**Assignment:** Restate word for word all of the lines below, with each image left out.
- - - - - - -
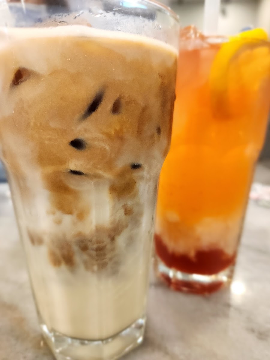 The menu highlights a range of comfort foods alongside some lighter bites and junior meals, which makes it accessible for groups with diverse tastes, including families with children. The selection of drinks, from traditional milk tea to lychee juice and ice soy milk, complements the food well and suits the tropical climate.
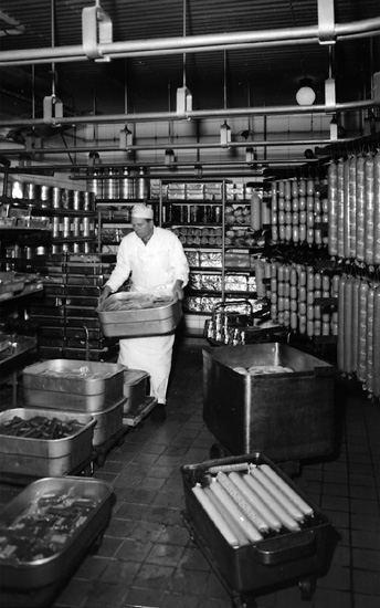 Konsum, charkuteriavdelningen, korvtillverkning, en man i kylrummet.
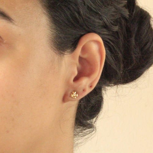 Elegante Brinco Pequeno Trevo com Ponto de Luz Semijoia Banho de Ouro 18K. As peças recebem um tratamento hipoalergênico, pensando especialmente em nossos clientes, embalado individualmente com embalagens personalizadas preparado com muito carinho acompanhado pelo certificado de garantia. Perfeito para embelezar e completar seu estilo com delicadeza e sofisticação. Confira as dimensões: Altura: 0,2 cm , Largura: 0,6 cm , Comprimento: 0,6 cm , Peso: 0,5 g
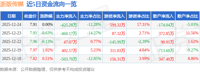 证券之星消息,截至2025年12月24日收盘,浙版传媒(601921)报收于7.91元,上涨0.0%,换手率0.2%,成交量4.38万手,成交额3461.89万元。
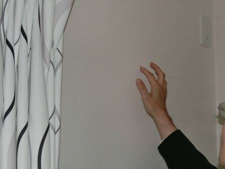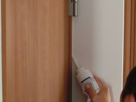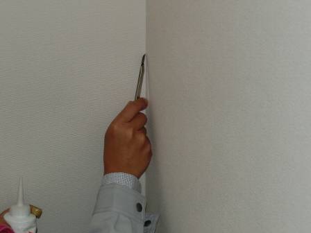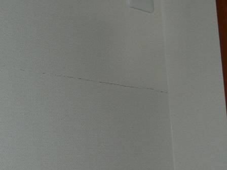 A 現状を確認。下地ボードのジョイントになっている部分のクロスに変化が起こっている状態です。構造的な異常ではないのですが、湿度変化等で木部が伸縮することで下地ボードが少し動き、上に貼ってあるクロスが追随できずにヒビ割れしてしまう現象となります。
- - - - - - -
**Written answer:**
 The menu highlights a range of comfort foods alongside some lighter bites and junior meals, which makes it accessible for groups with diverse tastes, including families with children. The selection of drinks, from traditional milk tea to lychee juice and ice soy milk, complements the food well and suits the tropical climate.
 Konsum, charkuteriavdelningen, korvtillverkning, en man i kylrummet.
 Elegante Brinco Pequeno Trevo com Ponto de Luz Semijoia Banho de Ouro 18K. As peças recebem um tratamento hipoalergênico, pensando especialmente em nossos clientes, embalado individualmente com embalagens personalizadas preparado com muito carinho acompanhado pelo certificado de garantia. Perfeito para embelezar e completar seu estilo com delicadeza e sofisticação. Confira as dimensões: Altura: 0,2 cm , Largura: 0,6 cm , Comprimento: 0,6 cm , Peso: 0,5 g
 证券之星消息,截至2025年12月24日收盘,浙版传媒(601921)报收于7.91元,上涨0.0%,换手率0.2%,成交量4.38万手,成交额3461.89万元。
 A 現状を確認。下地ボードのジョイントになっている部分のクロスに変化が起こっている状態です。構造的な異常ではないのですが、湿度変化等で木部が伸縮することで下地ボードが少し動き、上に貼ってあるクロスが追随できずにヒビ割れしてしまう現象となります。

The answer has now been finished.